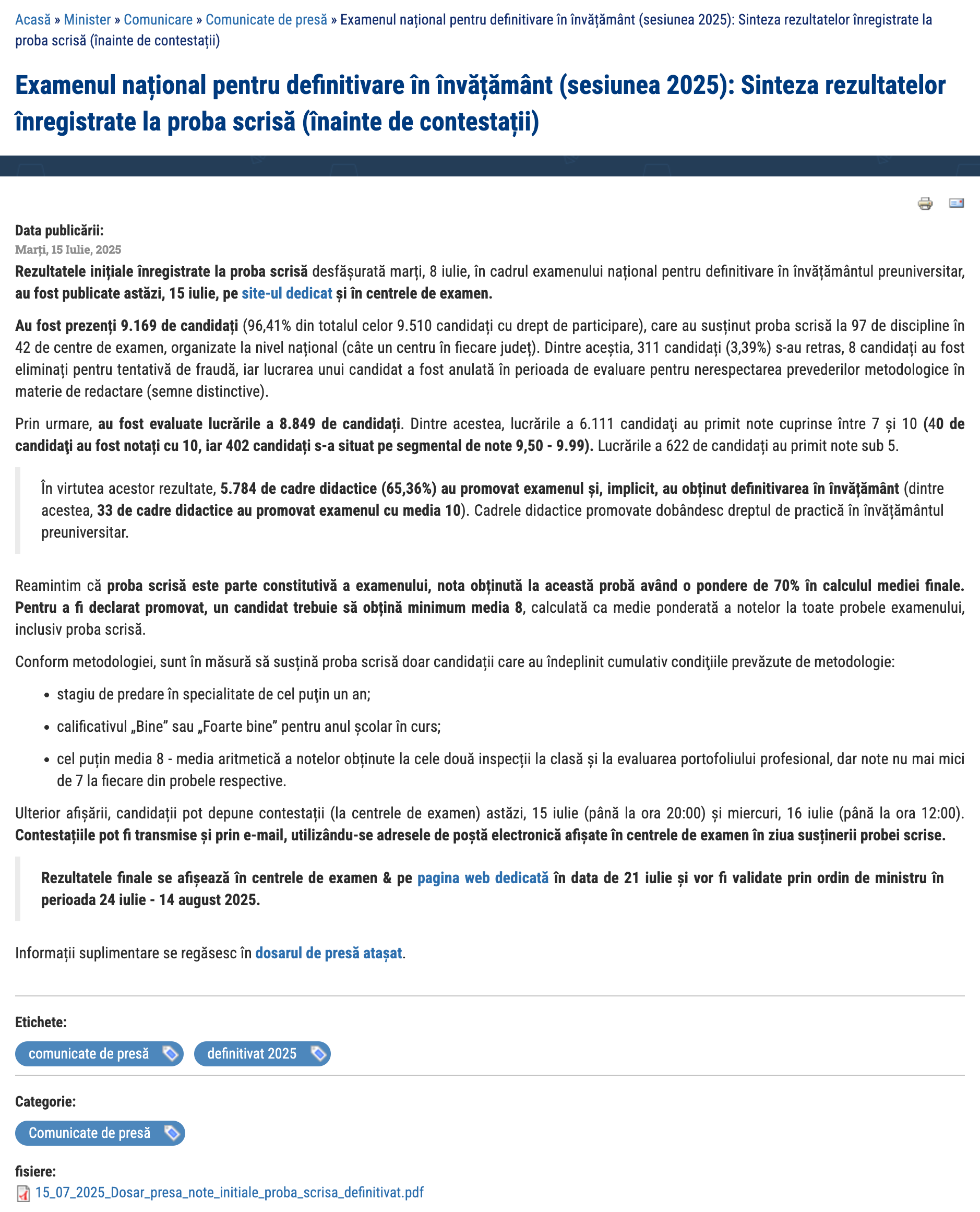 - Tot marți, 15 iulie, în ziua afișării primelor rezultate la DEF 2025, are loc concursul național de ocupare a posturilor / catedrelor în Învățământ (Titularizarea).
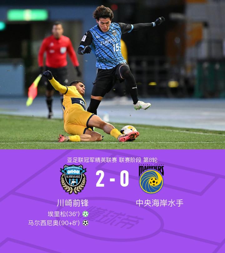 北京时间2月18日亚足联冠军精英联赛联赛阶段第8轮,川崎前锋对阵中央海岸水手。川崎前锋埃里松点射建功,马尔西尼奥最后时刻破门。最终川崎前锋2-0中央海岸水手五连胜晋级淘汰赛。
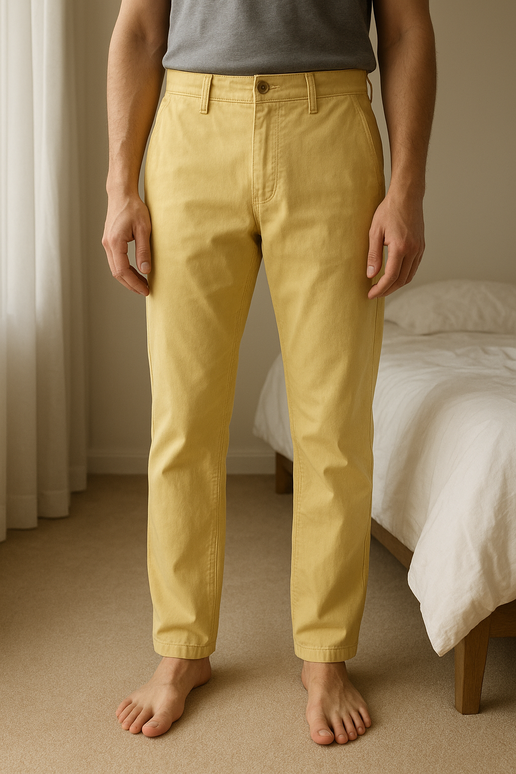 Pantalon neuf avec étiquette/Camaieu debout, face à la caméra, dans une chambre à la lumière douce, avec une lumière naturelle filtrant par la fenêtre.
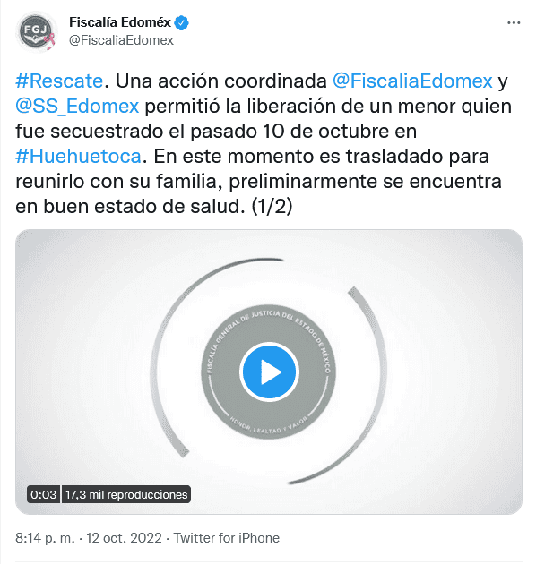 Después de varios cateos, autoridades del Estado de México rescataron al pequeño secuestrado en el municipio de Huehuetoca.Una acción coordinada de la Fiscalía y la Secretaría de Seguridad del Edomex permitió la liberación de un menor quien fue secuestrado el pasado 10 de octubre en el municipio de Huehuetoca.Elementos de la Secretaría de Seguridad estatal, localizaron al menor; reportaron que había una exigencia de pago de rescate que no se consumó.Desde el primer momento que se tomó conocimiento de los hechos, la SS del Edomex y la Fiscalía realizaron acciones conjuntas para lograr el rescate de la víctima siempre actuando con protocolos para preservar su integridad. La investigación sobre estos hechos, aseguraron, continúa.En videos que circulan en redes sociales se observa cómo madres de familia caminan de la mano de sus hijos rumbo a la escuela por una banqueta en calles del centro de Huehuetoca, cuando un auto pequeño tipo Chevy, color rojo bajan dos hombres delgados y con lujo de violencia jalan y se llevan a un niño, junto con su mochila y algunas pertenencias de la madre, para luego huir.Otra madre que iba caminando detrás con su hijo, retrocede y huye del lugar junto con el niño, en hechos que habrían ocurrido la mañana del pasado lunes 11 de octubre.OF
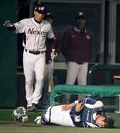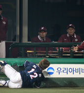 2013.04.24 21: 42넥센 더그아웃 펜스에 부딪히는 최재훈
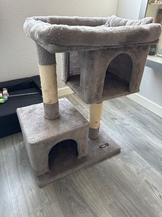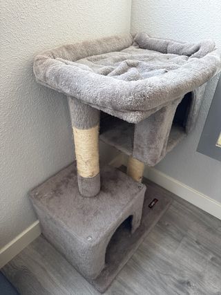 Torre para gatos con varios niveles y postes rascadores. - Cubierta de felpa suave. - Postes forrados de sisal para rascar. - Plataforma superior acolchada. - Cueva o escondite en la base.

————————

What is needed is an exact copy of the lines from the start of the listing above through the line that holds "北京时间2月18日亚足联冠军", with the pictures left out.

__Response to this task__
 - Tot marți, 15 iulie, în ziua afișării primelor rezultate la DEF 2025, are loc concursul național de ocupare a posturilor / catedrelor în Învățământ (Titularizarea).
 北京时间2月18日亚足联冠军精英联赛联赛阶段第8轮,川崎前锋对阵中央海岸水手。川崎前锋埃里松点射建功,马尔西尼奥最后时刻破门。最终川崎前锋2-0中央海岸水手五连胜晋级淘汰赛。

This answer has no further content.